I, on the other hand, started to mentally dress him in lumberjack clothes. A little Pendleton here, a wool cap there—sure Tim, I’d rub up against you. He’s nearly twice my age, but all women have the Sean Connery factor, and Tim weighs in well below on that age scale.

The title of the book came from one of the stories—a piece Tim did for Yoga Journal. He told us that getting the assignment went like this:

Yoga Journal called.

Editor: Are you interested in yoga?
Tim: No.
Editor: So you wouldn’t want to do a piece on yoga?
Tim: No.
Editor: Because it’s going to be in Jamaica in February.
Tim: Oh, you mean Y  o  g  a

So, Tim agreed to do the piece but made sure to tell the editor, “No enlightenment for me. I think it’s a bad career path for a writer.”

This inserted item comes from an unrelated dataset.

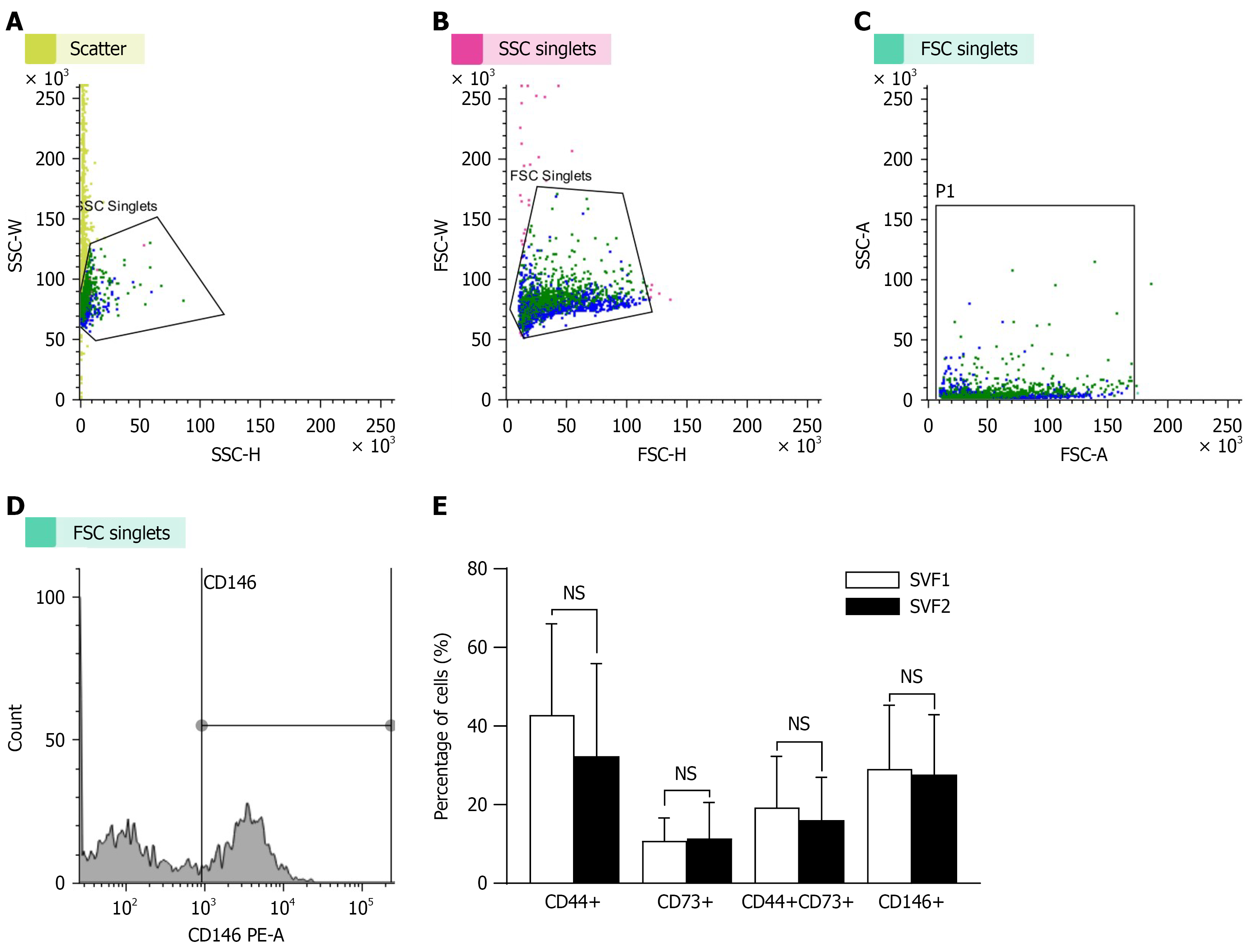 A-C: Representative flow cytometry plots showing the expression of regenerative surface markers in stromal vascular fractions (SVF). Dot plots and histograms represent gating and marker expression profiles for CD44, CD73, and CD146 in SVF1 and SVF2; D and E: Bar graph comparing the percentage of CD44+, CD73+, CD44+CD73+ (double-positive), and CD146+ cells in SVF1 and SVF2. SVF: Stromal vascular fraction.

After getting us in the mood to laugh, Tim told us he’d read a story for about 10-12 minutes and then take questions from the audience. I gasped. One story? Is that what’s to come from fame and fortune? Or at least fame? I had just humped Sand in My Bra to twenty-some different events across the U.S. and carefully did my best to read three or four stories with appropriate audience-catering interaction in between. Would the golden road lead me to only reading one story, or was Tim gypping us?

He read “Bug Scream,” a hilarious story about being eaten by bugs on his walk across the Congo basin with an American scientist, a filmmaker for National Geographic, three Bantu villagers, and sixteen pygmies. Boy did we laugh. I haven’t found this online to link for you, but Random House has kindly offered up the yoga story that I mentioned earlier. Read “Hold the Enlightenment” right here.

Q & A with Tim Cahill
Here are a few of the questions that Easy Going audience members asked Tim. Answers are paraphrased, not quotes unless marked.

What are you doing next?
He said that he’ll be leading a Patagonia trip with Butterfield and Robinson in November. For those interested, it’s sold out. It went so fast his friend couldn’t even get on it. But the good thing for Tim is that his wife gets to come. When asked about Patagonia, Tim said, “Patagonia is the bizarre version of the American Southwest.” It’s his first time being a tour guide. But the B&R folks assured him that all he needed to do was talk about why he loved the place and drink cocktails with the customers.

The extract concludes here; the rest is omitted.